Modulo Mystery
Can you find the number?
Attachments
Recon
We are provided with an encrypted flag and the Python script that generated it. By examining the script, we see that it chooses a random key between 1 and 100 and applies the modulo operation to each character’s ASCII value using this key. This method is inherently lossy because the modulo operation does not uniquely identify the original value; multiple possible bytes can result in the same output.
def encrypt(pt):
key = random.randint(1, 100)
results = [str(ord(ch) % key) for ch in pt]

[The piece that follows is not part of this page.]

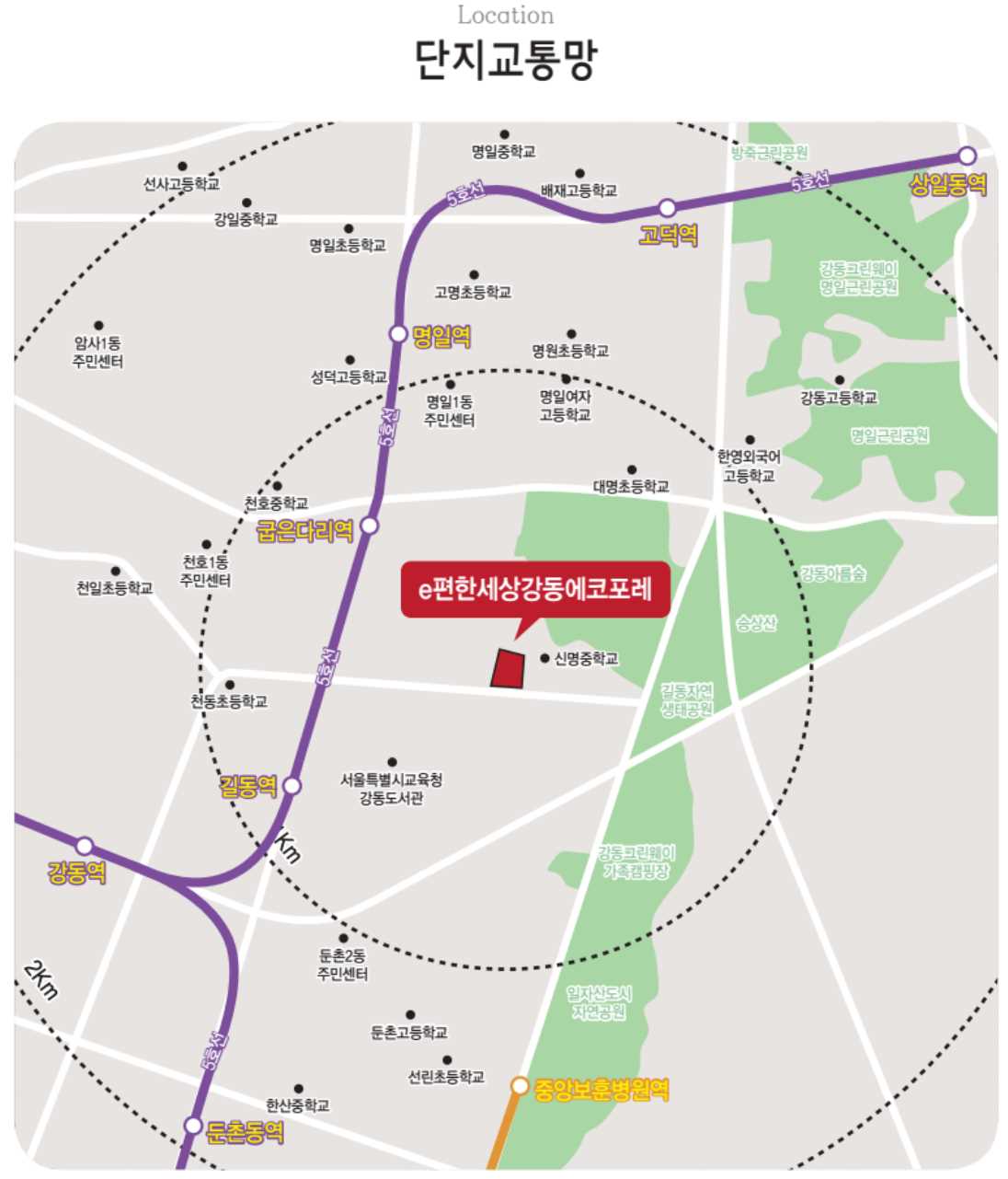 e편한세상강동에코포레는 서울특별시 강동구에 위치하고 있습니다.

print("Encrypted:", " ".join(results))
with open('flag.enc', 'w') as f:
f.write(" ".join(results))
return key
Exploitation
Our first step is to recover the original key used for encryption. We can do this by leveraging our knowledge of the flag’s known prefix, v1t{. For each character in this substring, we examine the relationship between its ASCII value and the corresponding encrypted output:
ord('v') % key = 16→118 % key = 16ord('1') % key = 49→49 % key = 49ord('t') % key = 14→116 % key = 14ord('{') % key = 21→123 % key = 21
Using a simple Python script, we can brute-force all possible keys and identify the one that satisfies all these conditions simultaneously:
encrypted = [16, 49, 14, 21, 7, 48, 49, 15, 6, 48, 44, 10, 12, 49, 20, 0, 23]
known_prefix = "v1t{"
valid_keys = set(range(1, 101))
for i, ch in enumerate(known_prefix):
ascii_val = ord(ch)
encrypted_val = encrypted[i]
possible_keys = set()
for key in valid_keys:
if ascii_val % key == encrypted_val:
possible_keys.add(key)
valid_keys = valid_keys & possible_keys
print(valid_keys)
$ python3 brute_force_key.py
{51}
With key = 51, each encrypted value corresponds to at most two possible printable ASCII characters:
| Position | Encrypted | Possible Characters |
|---|---|---|
| 4 | 7 | : (58), m (109) |
| 5 | 48 | 0 (48), c (99) |
| 6 | 49 | 1 (49), d (100) |
| 7 | 15 | B (66), u (117) |
| 8 | 6 | 9 (57), l (108) |
| 9 | 48 | 0 (48), c (99) |
| 10 | 44 | , (44), _ (95) |
| 11 | 10 | = (61), p (112) |
| 12 | 12 | ? (63), r (114) |
| 13 | 49 | 1 (49), d (100) |
| 14 | 20 | G (71), z (122) |
| 15 | 0 | 3 (51), f (102) |
| 16 | 23 | J (74), } (125) |
This results in a total of 2^17 possible character combinations. However, by restricting the allowed characters to lowercase alphanumerics, underscores, and curly brackets, we can significantly reduce the number of valid outputs.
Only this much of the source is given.